B^2 = a with a is an integer and b rational => b is an integer

[Elwin.Martin]

Homework Statement

b^2 = a
b is a rational number
a is an integer
prove that b is an integer.

This is self assigned, but I think this is the appropriate place to put my question.

Homework Equations

see above

The Attempt at a Solution

Is this legitimate...?

Since b is a rational number, there exists two integers m and n with n=! 0 s.t. b=(m/n) and gcd(m,n)=1, thus we have
b^2 = a ; (m/n)^2 = a ; m^2/n^2 = a ; m^2 = a*n^2 ; m = n√a.
If a is not a perfect square, then √a is irrational and thus n is irrational since m is an integer...a contradiction. Suppose then that a is a perfect square, then we have that m =nc where c=√a. Since c is an integer, implies that n|m, but since gcd(m,n) = 1 we must have that n = 1 thus b = m and b is an integer.

The first part seems a little sketchy to me, I know it to be true...but I'm not sure I can use it how I did. Any advice on how to clean this up?

I feel kind of dumb working on my properties of real numbers, but I'm hoping it will help my foundations. Sorry to be asking so many questions, I asked something yesterday as well...maybe I should ask elsewhere in the internet? Though I suppose it is up to the viewer to deem it worthy of response, so I guess it doesn't matter too much as long as I'm not spamming.

Thanks in advanced for any help!

 

[HallsofIvy]

I suppose you could clean it up or simplify it a bit but your basic concept is correct.

 

[Curious3141]

Homework Statement

b^2 = a
b is a rational number
a is an integer
prove that b is an integer.

This is self assigned, but I think this is the appropriate place to put my question.

Homework Equations

see above

The Attempt at a Solution

Is this legitimate...?

Since b is a rational number, there exists two integers m and n with n=! 0 s.t. b=(m/n) and gcd(m,n)=1, thus we have
b^2 = a ; (m/n)^2 = a ; m^2/n^2 = a ; m^2 = a*n^2 ; m = n√a.
If a is not a perfect square, then √a is irrational and thus n is irrational since m is an integer...a contradiction. Suppose then that a is a perfect square, then we have that m =nc where c=√a. Since c is an integer, implies that n|m, but since gcd(m,n) = 1 we must have that n = 1 thus b = m and b is an integer.

The first part seems a little sketchy to me, I know it to be true...but I'm not sure I can use it how I did. Any advice on how to clean this up?
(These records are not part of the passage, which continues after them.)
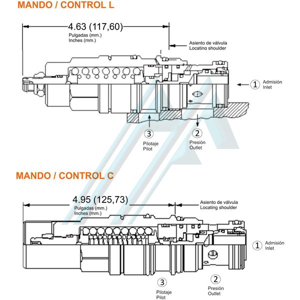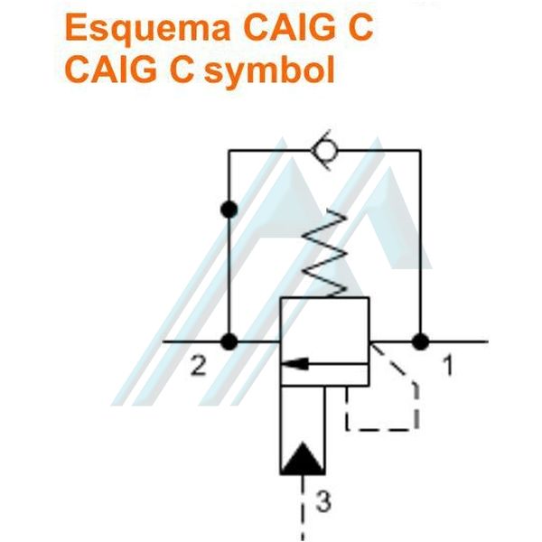 Обратный клапан обеспечивает свободный поток от направляющего клапана (2) к давлению (1), в то время как прямой нагнетательный клапан с пилотным управлением регулирует поток от 1 до 2. Пилот (3) понижает эффективную настройку нагнетательного клапана до значение, определяемое передаточным числом пилотирования. Противодавление на 2 не влияет на настройку клапана, потому что камера пружины имеет атмосферное давление.
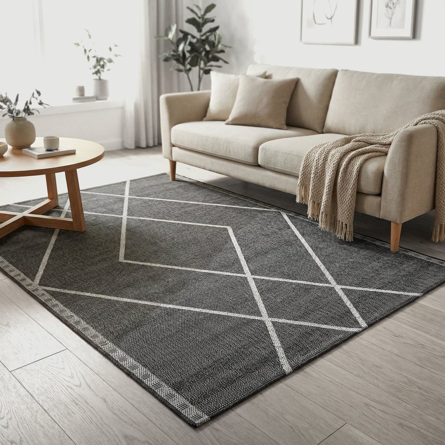 A estampa geométrica de losangos cria um contraste elegante, enquanto a borda contrastante e as faixas laterais com padrão discreto valorizam o acabamento. Conteúdo da embalagem: 1 tapete.
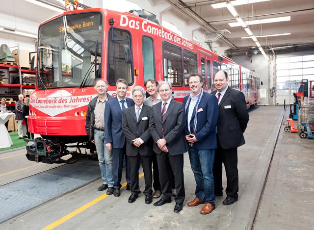 Die Stadtwerke Bonn hatten sich 2007 dazu entschlossen, statt 25 neue Stadtbahnmodelle die ältesten Fahrzeuge in eigenen Werkstätten und mit eigenem Personal zweit zu erstellen. „Wir haben uns bewusst nicht für eine konservative Lösung entschieden", sagte Stadtwerke-Geschäftsführer Heinz Jürgen Reining bei der Jungfernfahrt, „sondern haben im Team eine mutige Entscheidung getroffen, als wir uns für das Projekt „Zweiterstellung" und damit gegen Neuanschaffungen von Stadtbahnfahrzeugen ausgesprochen haben. Allen, die diese Entscheidung mitgetragen haben, aber vor allem dem Projektteam für die Realisierung, gilt unser Dank."
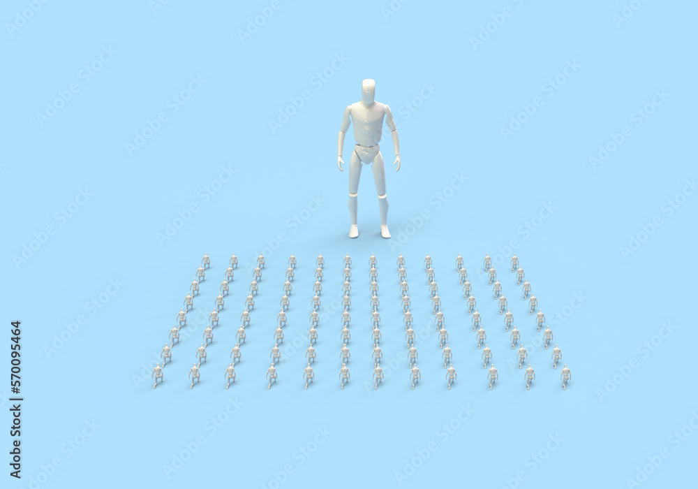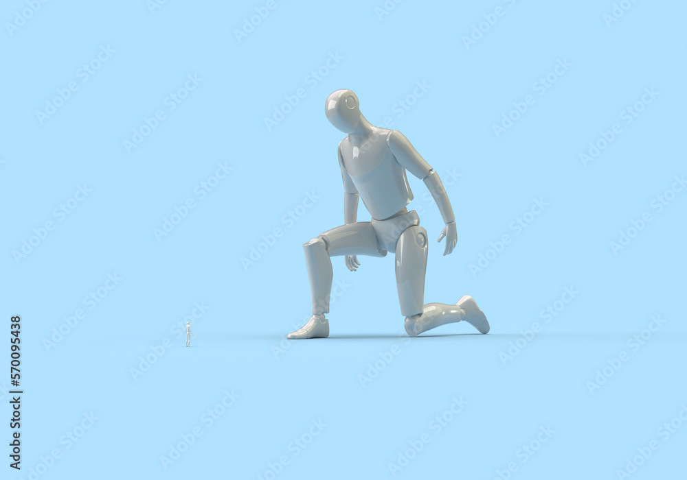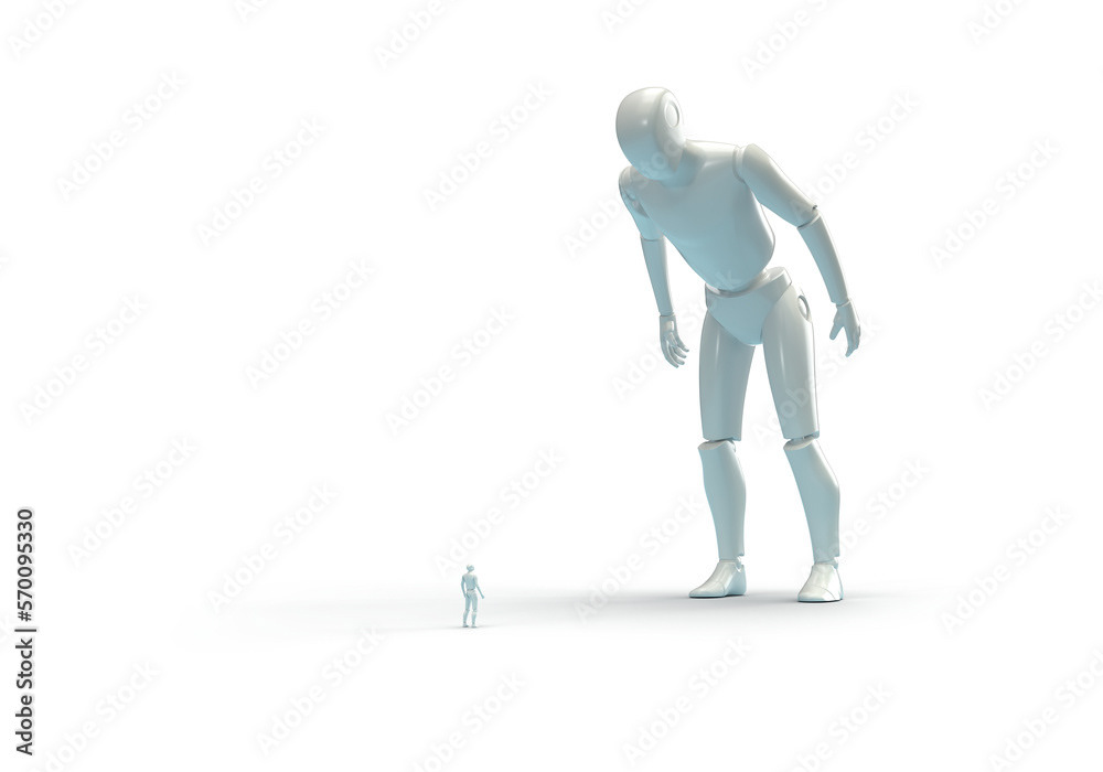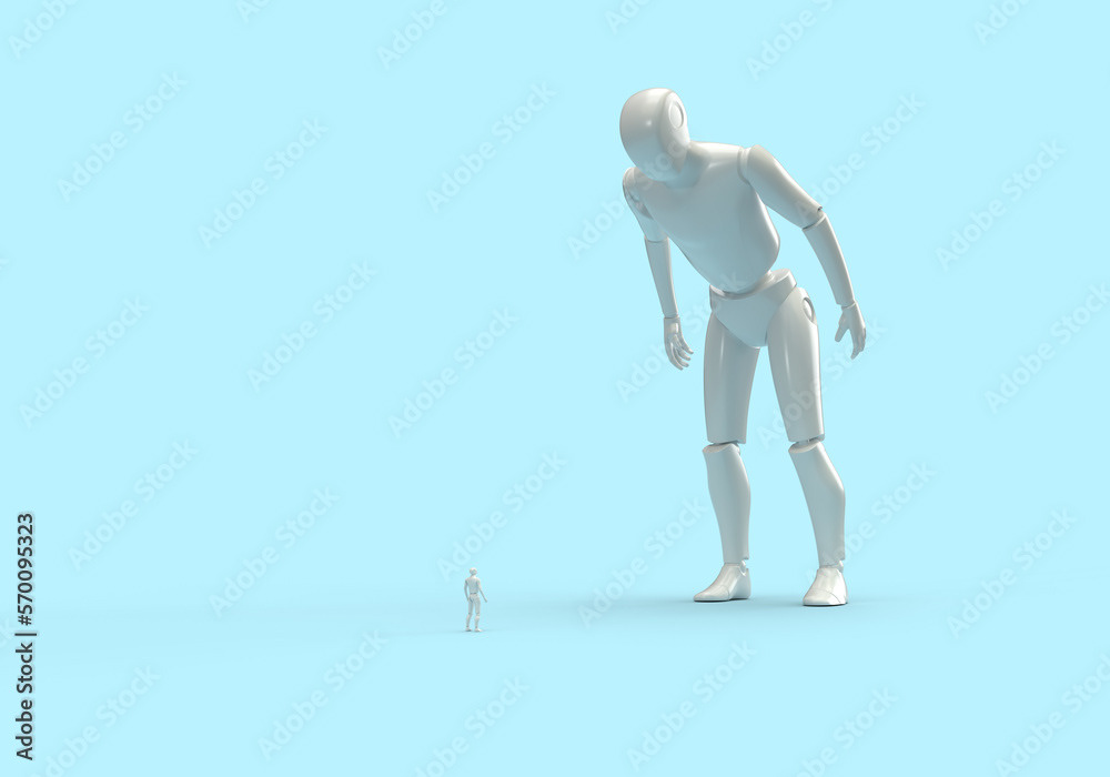 3d render illustrations of large and small work. Modern minimal style. Illustration on the topic of technology, artificial intelligence, robotics.
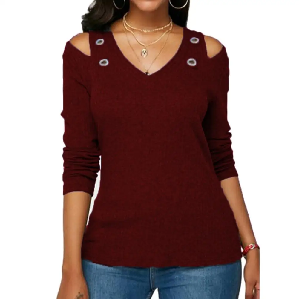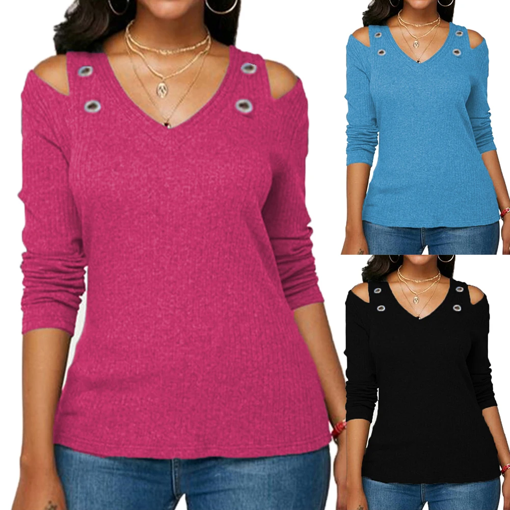 Повседневная Женская однотонная блузка с круглым вырезом и длинным рукавом с открытыми плечами размера плюс

I feel kind of dumb working on my properties of real numbers, but I'm hoping it will help my foundations. Sorry to be asking so many questions, I asked something yesterday as well...maybe I should ask elsewhere in the internet? Though I suppose it is up to the viewer to deem it worthy of response, so I guess it doesn't matter too much as long as I'm not spamming.
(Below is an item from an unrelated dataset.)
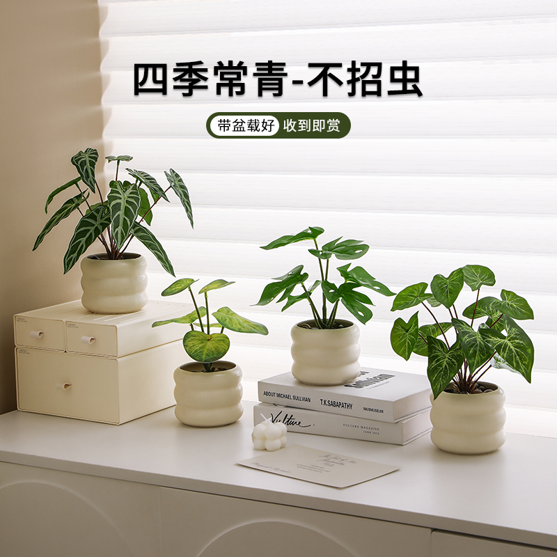 北欧仿真植物桌面盆景绿植盆栽室内办公室工位装 饰仿真花假花摆件

Thanks in advanced for any help!

I don't know if I'm completely comfortable with your proof. You see, you can distil it down to this proof by contradiction: Negate the original proposition and suppose we can have b rational (condition 1) but nonintegral (condition 2), b^2 = a and a integral. Now, since you're given that a is an integer, a is either a perfect square (which by definition is a square of an integer) or not a perfect square. If a is a perfect square, its square root is an integer, implying b is an integer which contradicts condition 2. If a is not a perfect square, then its square root is irrational, which contradicts condition 1. You've arrived at a contradiction, the supposition is false and therefore the original proposition is true.

That's essentially your proof, reduced to the basics. It's actually a completely correct proof. The only issue I have with it is that you're assuming the part in bold. Of course, this is true, but whether you can assume it for the purpose of this proof depends on whether you've proven that as an earlier result and how much leeway you're given.
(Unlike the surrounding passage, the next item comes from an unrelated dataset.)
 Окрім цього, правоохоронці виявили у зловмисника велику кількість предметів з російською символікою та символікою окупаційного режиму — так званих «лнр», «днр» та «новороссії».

Maybe I could suggest another tack: Start with the same supposition. Let [itex]b = \frac{p}{q}[/itex], where [itex](p,q)=1[/itex] Since b is non-integral, [itex]q \neq 1[/itex]. Now [itex]a = b^2 = \frac{p^2}{q^2} \Rightarrow p^2 = aq^2[/itex]. Clearly [itex]q | q^2 [/itex] (and hence the RHS), so q has to divide the LHS too, and therefore [itex]q|p^2[/itex]. But [itex](p,q)=1[/itex] by definition and [itex]q \neq 1[/itex], so this is a contradiction. QED.

EDIT: I removed the inference: [itex]q|p^2 \Rightarrow q|p[/itex] because it's not true in general, and unnecessary here. Please note the edit carefully.

 

[Elwin.Martin]

The only issue I have with it is that you're assuming the part in bold. Of course, this is true, but whether you can assume it for the purpose of this proof depends on whether you've proven that as an earlier result and how much leeway you're given.

Yeah, that was what I was worried about. ^^; Since I'm using someone else's syllabus, I suppose I should be extra careful and do things a little more fundamentally.

Maybe I could suggest another tack: Start with the same supposition. Let [itex]b = \frac{p}{q}[/itex], where [itex](p,q)=1[/itex] Since b is non-integral, [itex]q \neq 1[/itex]. Now [itex]a = b^2 = \frac{p^2}{q^2} \Rightarrow p^2 = aq^2[/itex]. Clearly [itex]q | q^2 [/itex] (and hence the RHS), and a is an integer, so q has to divide the LHS too, and therefore [itex]q|p^2 \Rightarrow q|p[/itex]. But [itex](p,q)=1[/itex] by definition and [itex]q \neq 1[/itex], so this is a contradiction. QED.

I thought I was forgetting something easier and this is it. I saw this problem in my abstract algebra class right after we covered the division algorithm (so at the very beginning), but I'd forgotten how it was done nicely.

Thank you for the help!

 

[Curious3141]

Yeah, that was what I was worried about. ^^; Since I'm using someone else's syllabus, I suppose I should be extra careful and do things a little more fundamentally.

I thought I was forgetting something easier and this is it. I saw this problem in my abstract algebra class right after we covered the division algorithm (so at the very beginning), but I'd forgotten how it was done nicely.

Thank you for the help!

You're welcome. But I noticed an unsupportable inference in my proof, and I've amended it.

Specifically, this line: [itex]q|p^2 \Rightarrow q|p[/itex] is not true in general.

For example, [itex]4 \mid 36[/itex] but [itex]4 \nmid 6[/itex].

It can actually be justified here since p and q are coprime, but it makes the proof less focussed and is unnecessary anyway, so I removed it.

I also removed the "a is an integer" part in that line since it's redundant (The LHS [itex]p^2[/itex] is an integer by definition anyway).